▶ Data items
┄┄┄┄┄┄┄┄┄┄┄┄┄┄┄┄┄┄┄┄
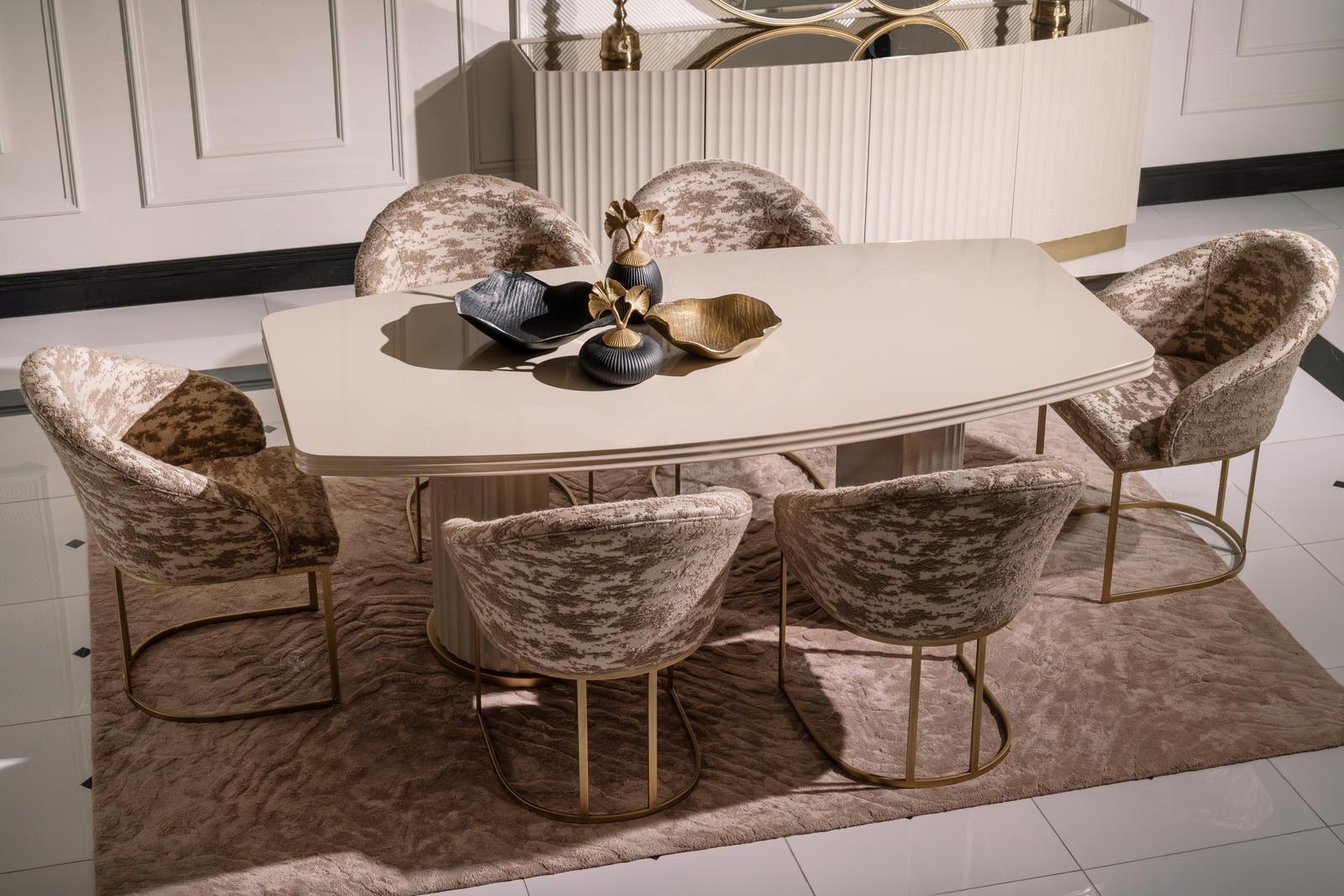 Essgruppe Essecke Esstisch Stühle Set 9tlg Esszimmer Beige Holz Luxus
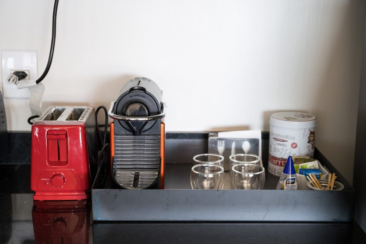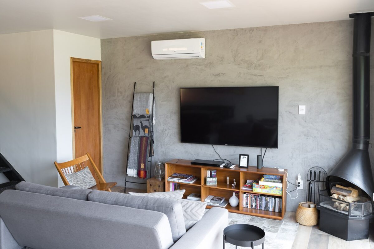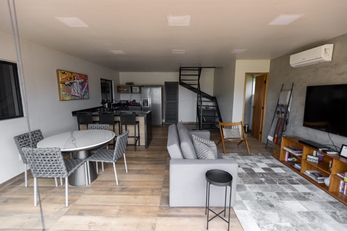 Na área interna, o espaço de estar é puro aconchego: sofá-cama super confortável, poltrona com mantas, lareira, Smart TV e ar-condicionado criam o ambiente ideal para relaxar. Ao lado, a mesa de refeições integra-se à cozinha completa, equipada com geladeira, cooktop, forninho elétrico, micro-ondas, cafeteiras e uma variedade de utensílios e eletroportáteis para o preparo de refeições.
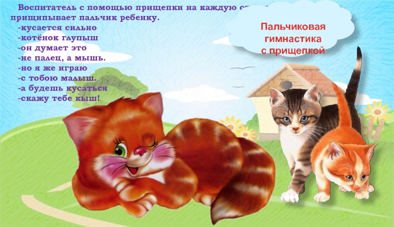 9. Взрослый с помощью прищепки на каждую строчку прищипывает пальчик ребенку.
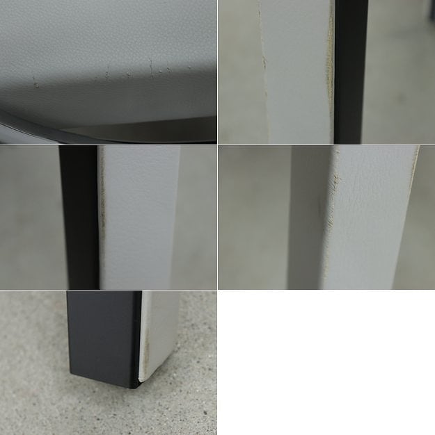 脚、座面、背もたれは、柔らかく上質なグレーのレザーが張られており、体を優しく支えてくれます。
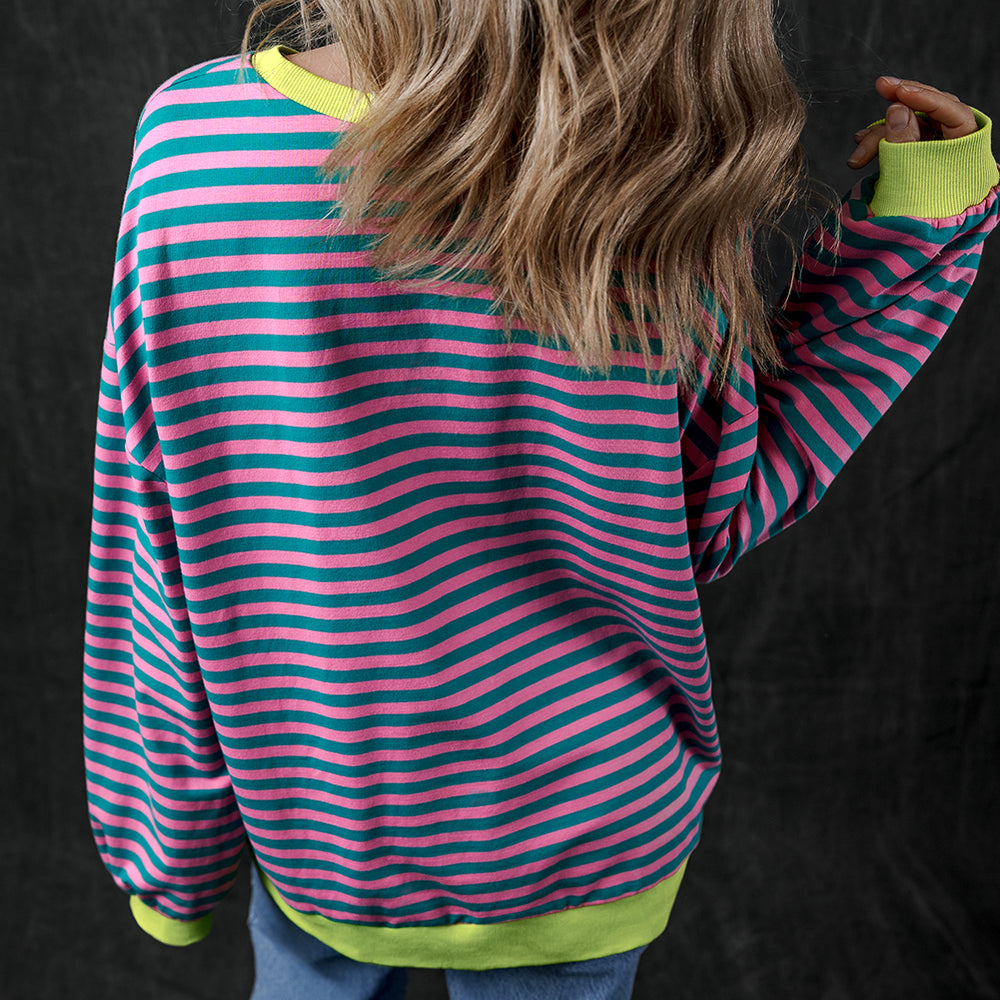 • Green Stripe Oversized Contrast Trim Pullover Sweatshirt
┄┄┄┄┄┄┄┄┄┄┄┄┄┄┄┄┄┄┄┄
▶ Exercise prompt
A complete and exact copy of the records is required. Exclude the pictures.

▶ Reply
 Essgruppe Essecke Esstisch Stühle Set 9tlg Esszimmer Beige Holz Luxus
 Na área interna, o espaço de estar é puro aconchego: sofá-cama super confortável, poltrona com mantas, lareira, Smart TV e ar-condicionado criam o ambiente ideal para relaxar. Ao lado, a mesa de refeições integra-se à cozinha completa, equipada com geladeira, cooktop, forninho elétrico, micro-ondas, cafeteiras e uma variedade de utensílios e eletroportáteis para o preparo de refeições.
 9. Взрослый с помощью прищепки на каждую строчку прищипывает пальчик ребенку.
 脚、座面、背もたれは、柔らかく上質なグレーのレザーが張られており、体を優しく支えてくれます。
 • Green Stripe Oversized Contrast Trim Pullover Sweatshirt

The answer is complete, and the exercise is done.